Jury returns guilty verdicts in drug trial

IRON MOUNTAIN, Mich. (WLUC) - The verdict is in for the Crystal Falls man accused of selling heroin in Iron Mountain. After deliberating for more than six hours, the jury found 36-year-old Paul Dwayne Scott guilty on both counts.

Scott was arrested in March after he and his girlfriend Heather Brazeika allegedly sold two packets of heroin to a police informant.

Wednesday morning, jurors heard closing arguments from both the prosecution and defense. Before they were handed the case, Scott's defense attorney told jurors that the entire case hinged on the word of an informant, who is a recovering drug addict and is not credible.

"He came clean and said, 'You know, I lied at a previous hearing, and I testified under oath that I did not use.' Now today, or the other day...yesterday, he came in and said 'Well, actually, I was lying...I did,'" defense attorney Grant Carlson said. "That's the individual that's the centerpiece of this whole puzzle that the prosecution is trying to paint."

In his testimony, the informant claimed to have worked with the KIND Drug Team to setup the two controlled buys, and purchase the heroin with marked money. However, the defense claimed the exchange of money was because the informant was paying off a debt owed to Scott.

In his closing, Scott's attorney stated the informant duped the police and could've had the heroin taped to his underwear with the intention of framing Scott, so drug charges against him would be dropped.

Officers who testified throughout the trial admitted that a strip search of the informant was not done prior to the controlled buys, but a thorough search was completed and no narcotics were found on the informant.

"The officers believed it, hook, line and sinker, but they never checked. Is blind trust really trust at all?" Carlson asked the jury. "The people would have you believe that, Mr. Pietrantonio would have you believe that but, as he was squirming away up there, I think he was a little uncomfortable because the ruse is up."

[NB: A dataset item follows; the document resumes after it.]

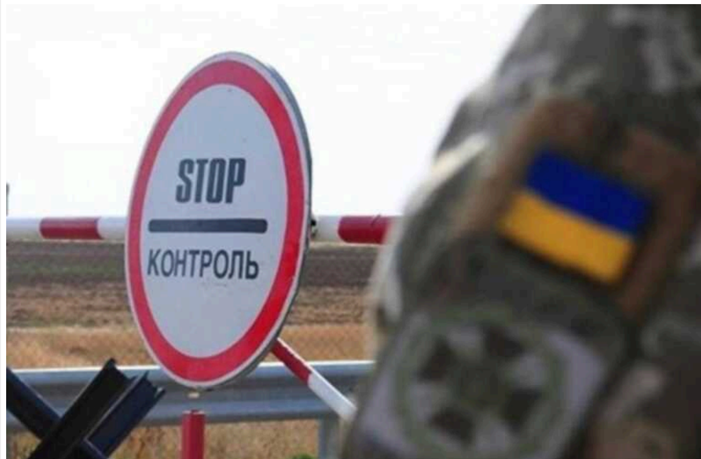
Мобілізація в Україні: чи дозволено виїзд чоловікам, знятим з військового обліку або багатодітним

Прикордонники виявили 3 тисячі фальшивих довідок, які використовували українці для виїзду за кордон. Тому тепер почали вимагати підтвердження статусу у військово-облікових документах.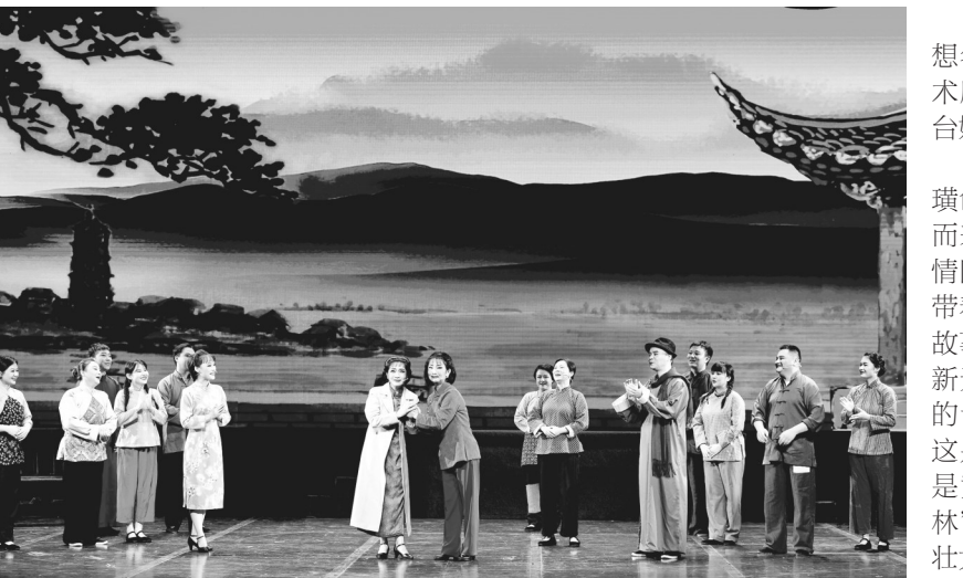
黄梅戏《舞台姐妹》剧照。

本报讯 “谁人不羨大舞台,谁人不想名角当?”9月28日晚,由马鞍山市艺术剧院有限公司带来的原创黄梅戏《舞台姐妹》在市黄梅戏艺术中心精彩上演。

The prosecutor, on the other hand, made it clear the drug team the informant worked with is made up of seasoned detectives who have successfully handled controlled buys for years.

"To believe the defense, you have to believe that a 20 year old has outsmarted, oh, about 80 years of law enforcement experience," Dickinson County Chief Assistant Prosecuting Attorney Kristin Kass said. "You'd have to believe that Heather Brazeika pled guilty to delivery of heroin, because she wanted to go home. You'd have to believe that all of the testimony of the officers saying, 'This was going to happen, and it did. We were told this was going to happen, and it did,' was a hoax," Kass continued. "You'd have to believe that when the defendant is being interviewed by police as to whether or not he sold drugs, he went with the flow and agreed, 'I sell drugs'?"

Scott was arrested four days after the last purchase. In court Tuesday, it was also made clear that of the possibly incriminating items found on Scott during his arrest, neither the marked buy money nor the heroin were among them.

Scott was found guilty of two counts of delivery of heroin. As a habitual offender, he faces a maximum penalty of up to life in prison.

His sentencing has been scheduled for October 16.